# TASK INPUTS
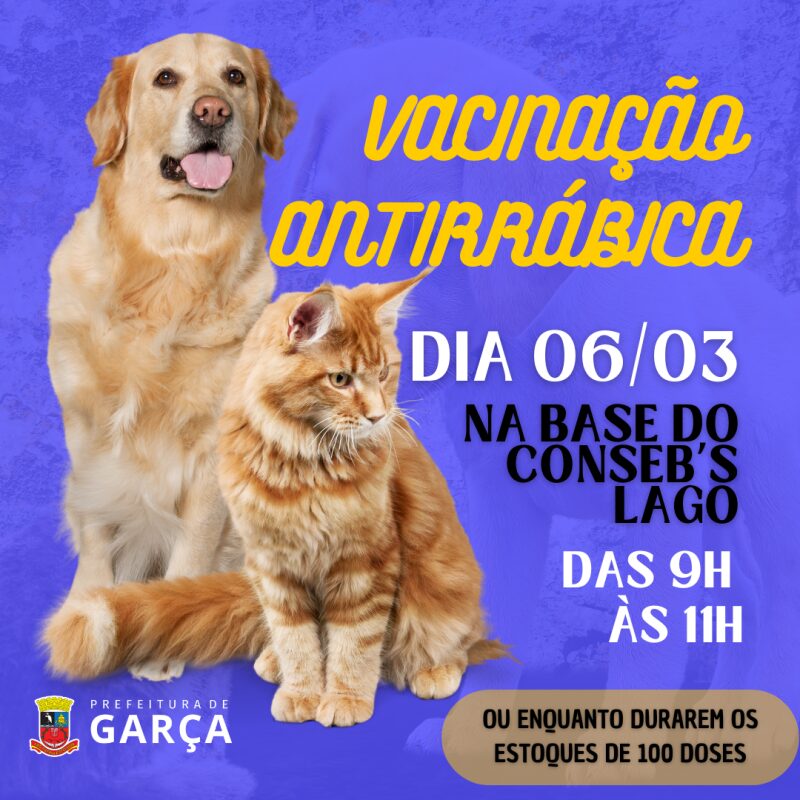 A Prefeitura Municipal de Garça, por meio da Secretaria Municipal de Saúde, fará a aplicação da vacinação antirrábica em cães e gatos na quarta, dia 6 de março, na Base do Conseb´s (embaixo da base da Polícia Militar na região do Lago Artificial J. K. Williams), das 9h até às 11h ou enquanto durarem o estoque de 100 doses de vacinas que foram enviadas para essa ação no município. Importante salientar que em caso de chuva não haverá vacinação, por conta de se tratar de um espaço aberto.
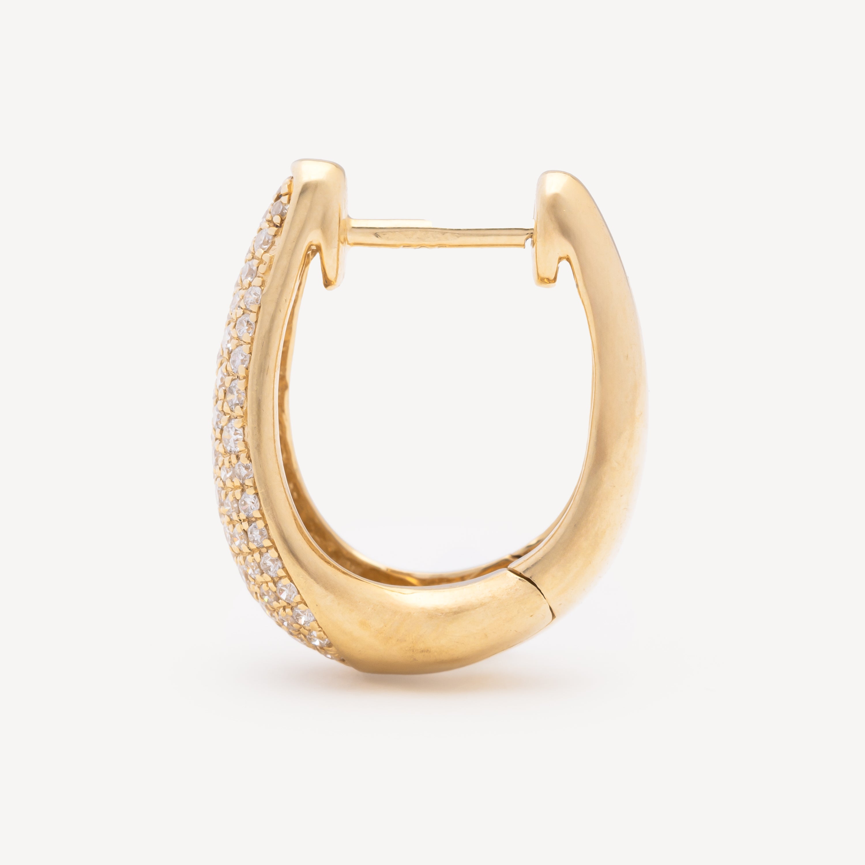Elégantes créoles ovales et épaisses en or 14ct avec pavage de diamants blancs ronds. À porter seules ou en accumulation pour un style moderne et sophistiqué.
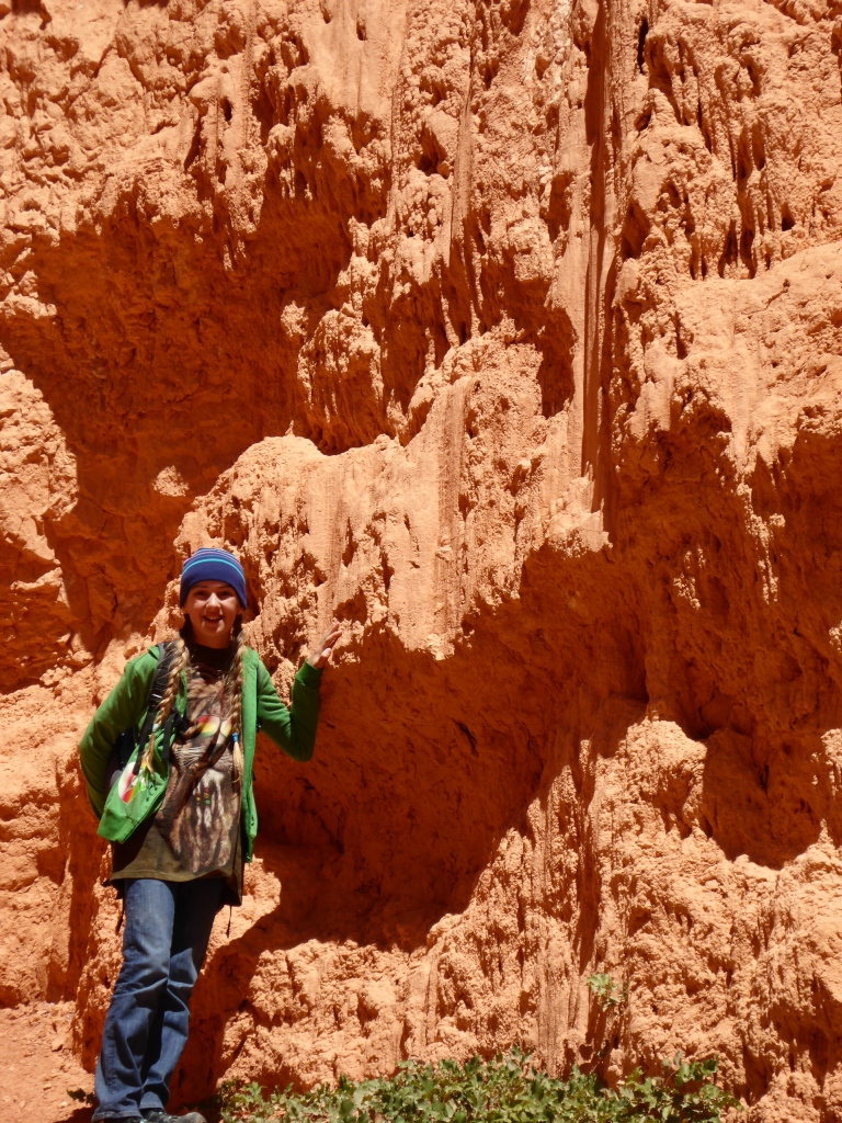 Nous pourrions commencer à nous sentir blasés, mais le spectacle qui nous attends est surprenant. Nous traversons un plateau boisé, pour arriver soudainement sur une arrête qui domine une vallée plantée d'aiguilles et de colonnes rouges en pierre mêlées à des taches de neiges. Nous sommes à 2500m d'altitude et l'hiver n'est pas encore complètement passé.
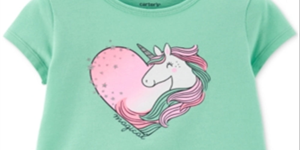A unicorn and heart make a magical impact on this super-fun| lightweight cotton peplum T-shirt from Carter's.| Crewneck| Graphic print at front| Peplum hem| 100% cotton| Machine washable
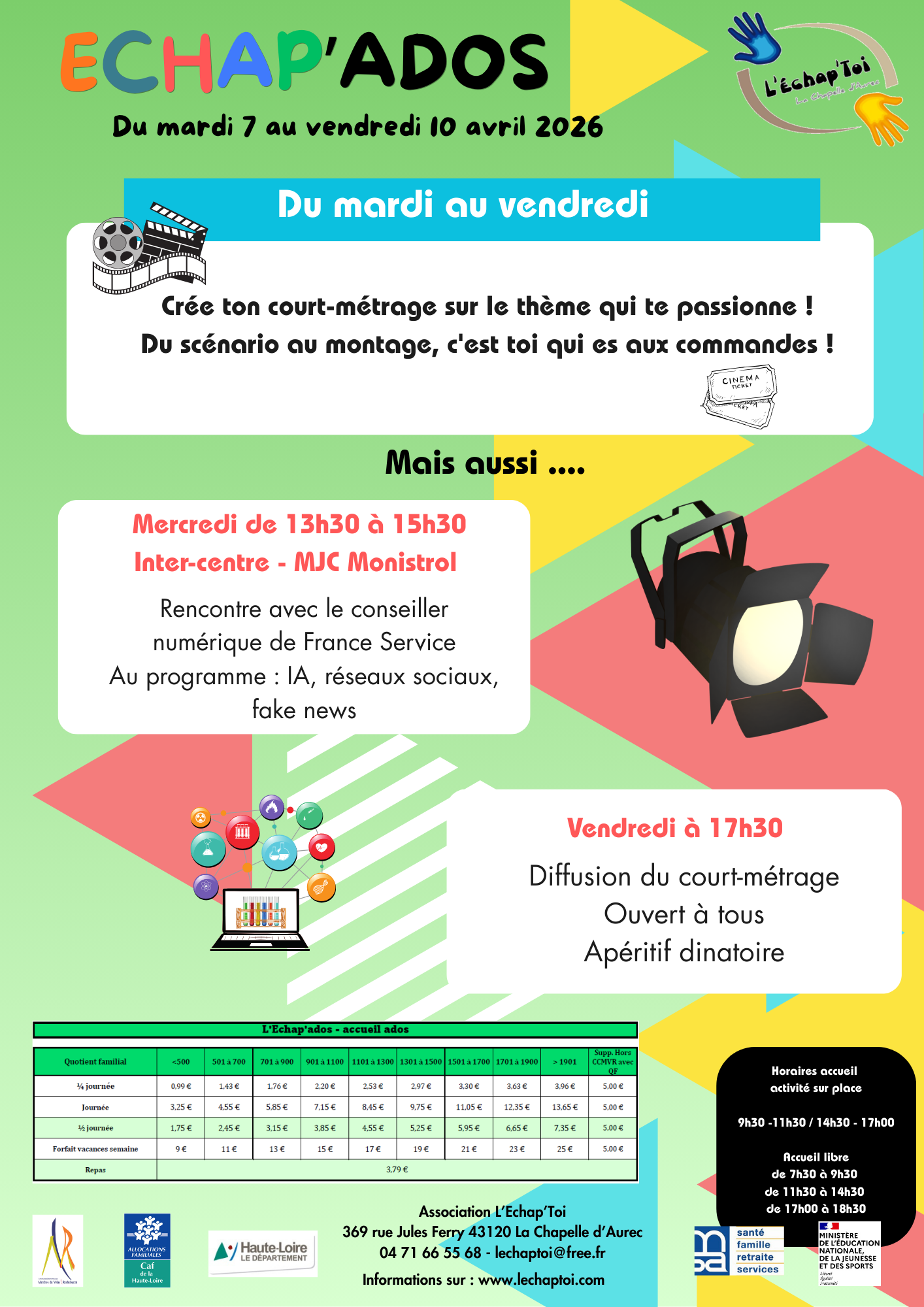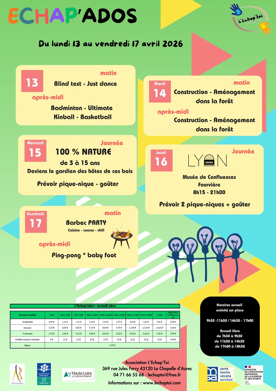 - Des ateliers et visites originales chez nos sites partenaires : château de Rochebaron à Bas-en-Basset, Saint-Pal-de-Chalencon, petite cité de caractère, centre aquatique l’Ozen.
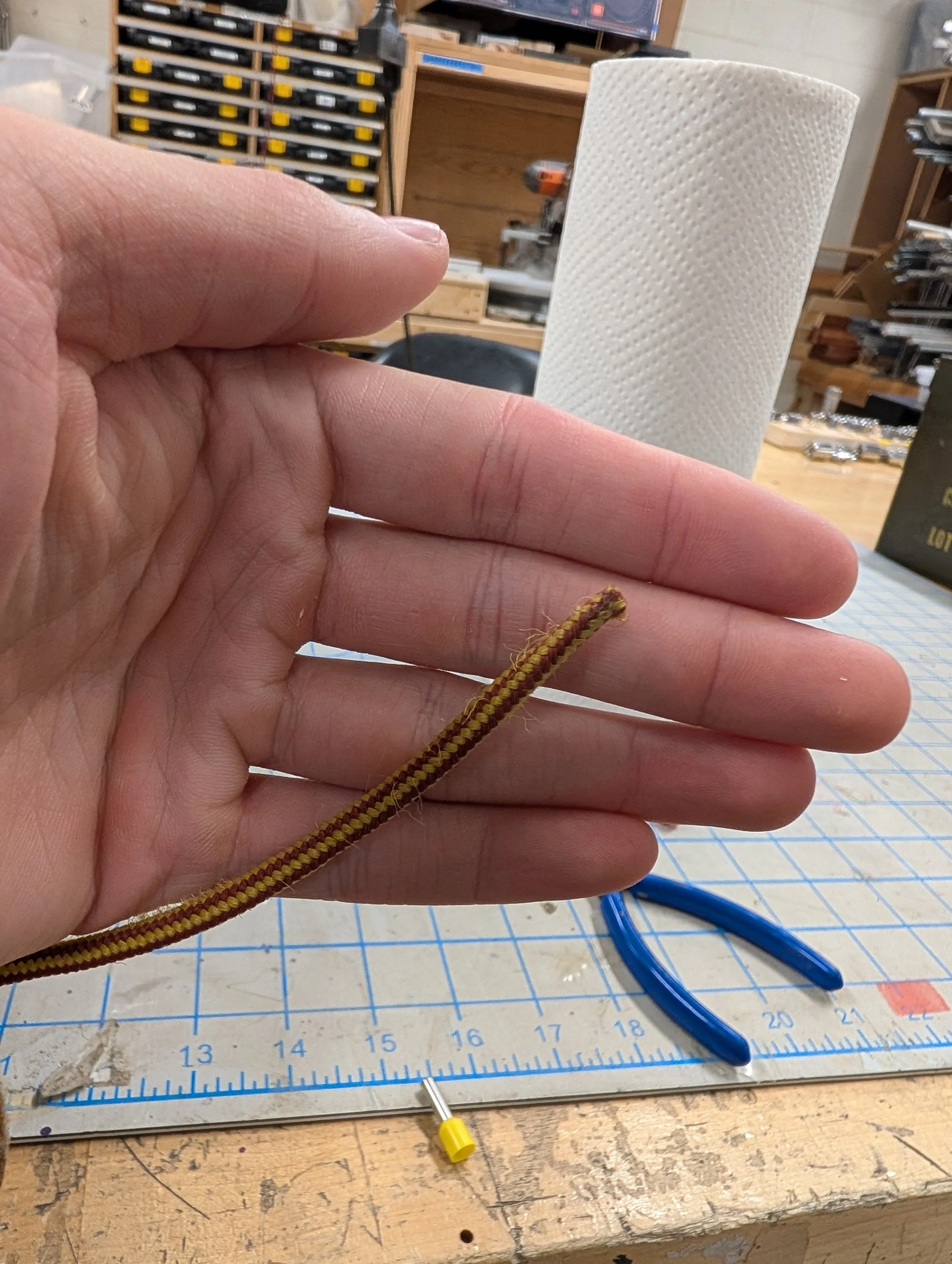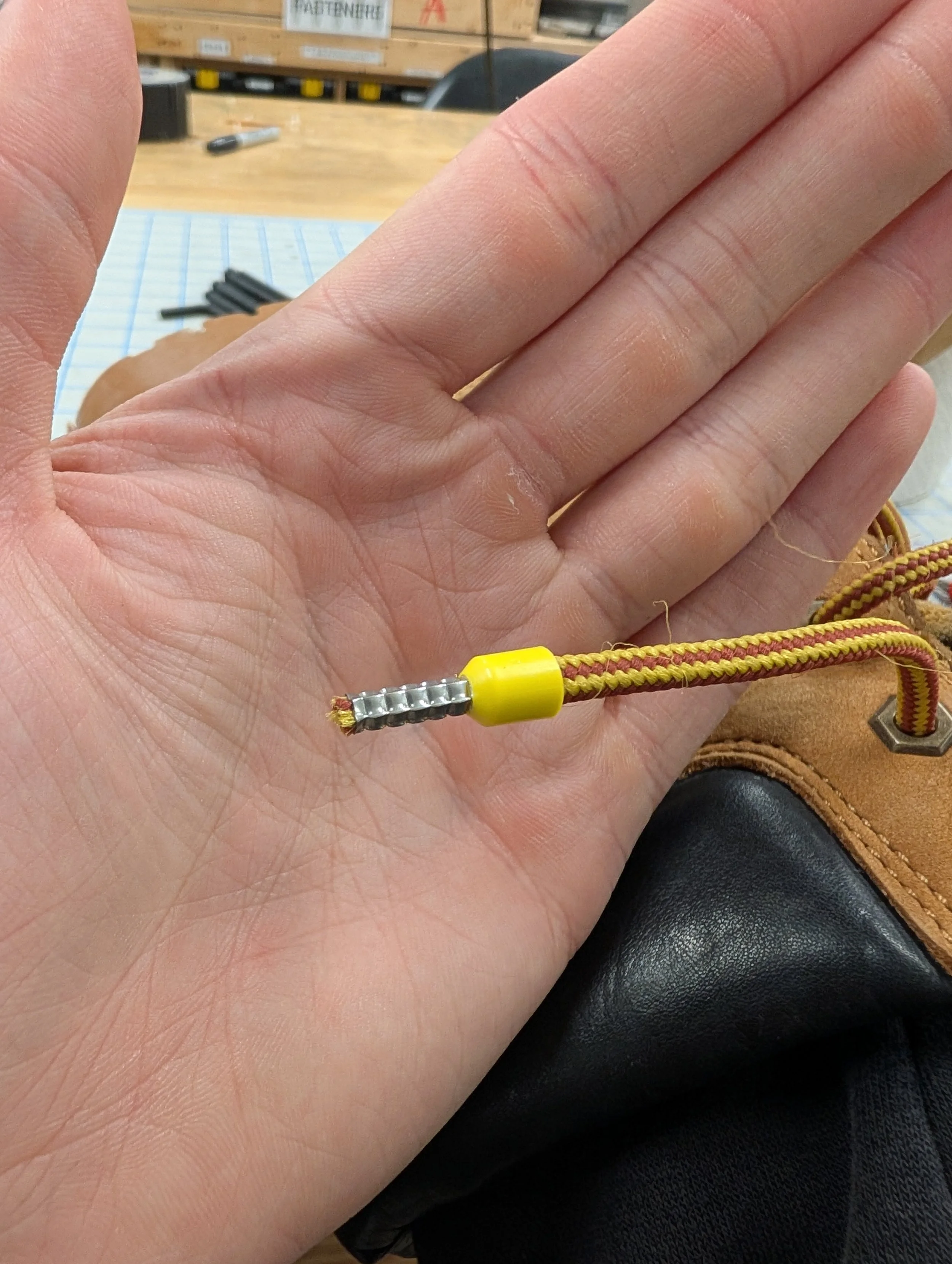 We have all faced this issue before, when the plastic thing on your shoelace falls off and now you need to go buy new laces. However this time I had the limitation of not having a car to easily go out and buy one, and no funds to go on amazon and get some delivered. Forced with this roadblock I turned to the largest supply of things on campus I know. There are so many things at M5 that arent limited to their only use case.
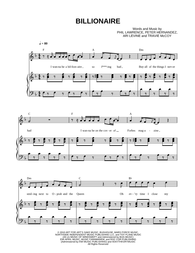 I wanna be a billionaire so f***ing bad Buy all of the things I never had I wanna be on the cover of Forbes magazine smiling next to Oprah and the Queen Oh ev'ry time I close my eyes I see my name in shining lights |
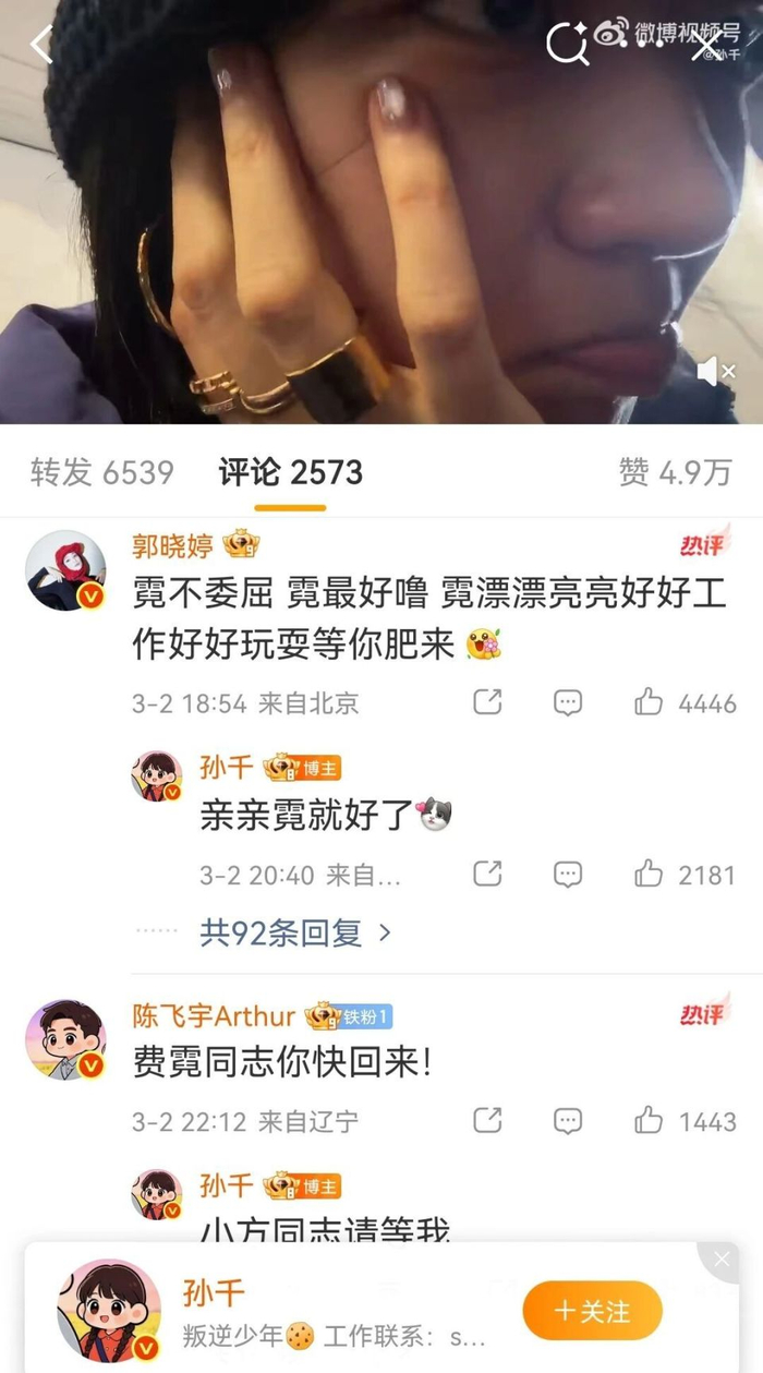 郭晓婷先是在孙千的道歉微博下面留言,没用客套话,直接用剧中角色昵称“霓”称呼她,写道“霓不委屈 霓最好噜 霓漂漂亮亮好好工作好好玩耍等你肥来”。
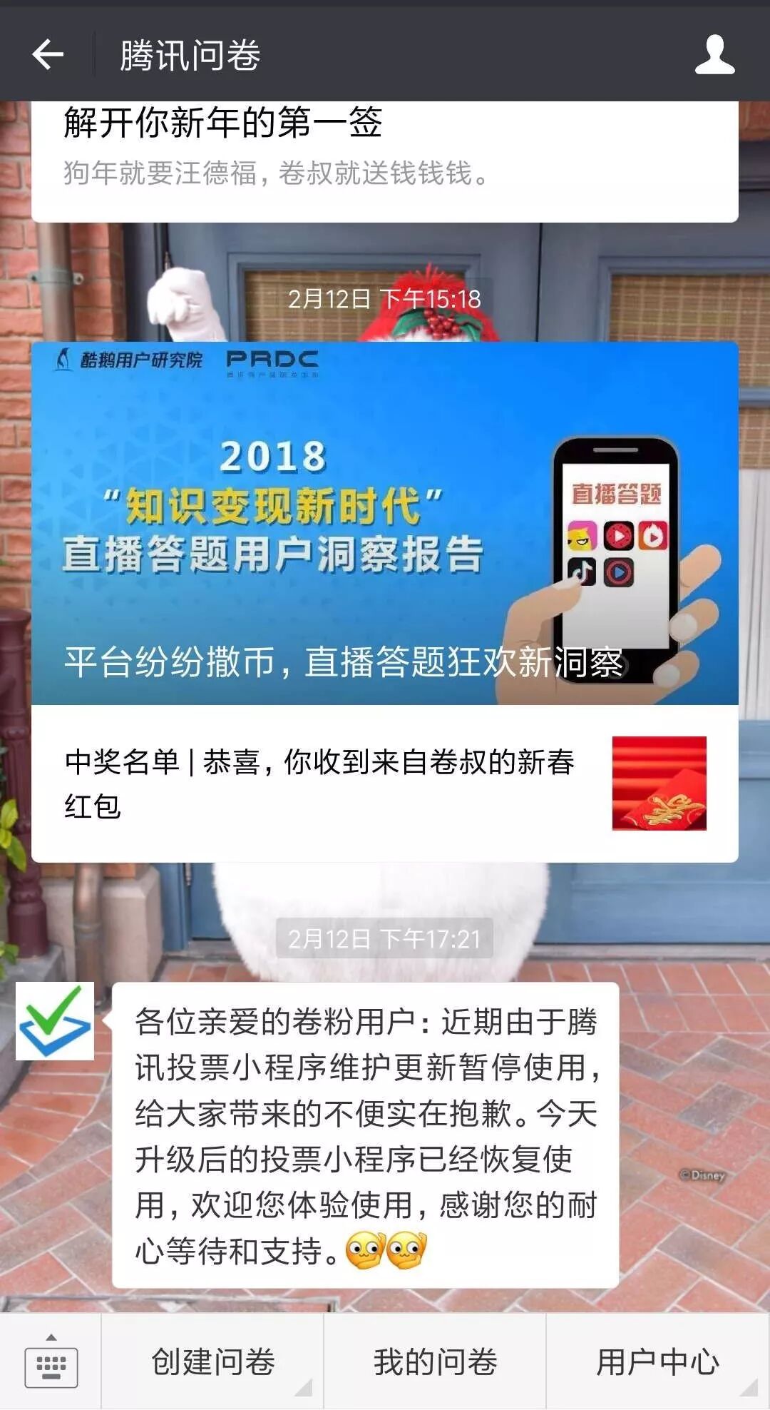 微信公众号“腾讯问卷”称,此前“腾讯投票”因维护更新暂停使用。在2月12日升级后,已经恢复使用。

# WHAT TO WORK ON
Look above for the line with "Elégantes créoles ovales" and the line with "- Des ateliers". Give again exactly those two lines and all lines between them, pictures excluded.

# RESPONSE TO THE EXERCISE
Elégantes créoles ovales et épaisses en or 14ct avec pavage de diamants blancs ronds. À porter seules ou en accumulation pour un style moderne et sophistiqué.
 Nous pourrions commencer à nous sentir blasés, mais le spectacle qui nous attends est surprenant. Nous traversons un plateau boisé, pour arriver soudainement sur une arrête qui domine une vallée plantée d'aiguilles et de colonnes rouges en pierre mêlées à des taches de neiges. Nous sommes à 2500m d'altitude et l'hiver n'est pas encore complètement passé.
A unicorn and heart make a magical impact on this super-fun| lightweight cotton peplum T-shirt from Carter's.| Crewneck| Graphic print at front| Peplum hem| 100% cotton| Machine washable
 - Des ateliers et visites originales chez nos sites partenaires : château de Rochebaron à Bas-en-Basset, Saint-Pal-de-Chalencon, petite cité de caractère, centre aquatique l’Ozen.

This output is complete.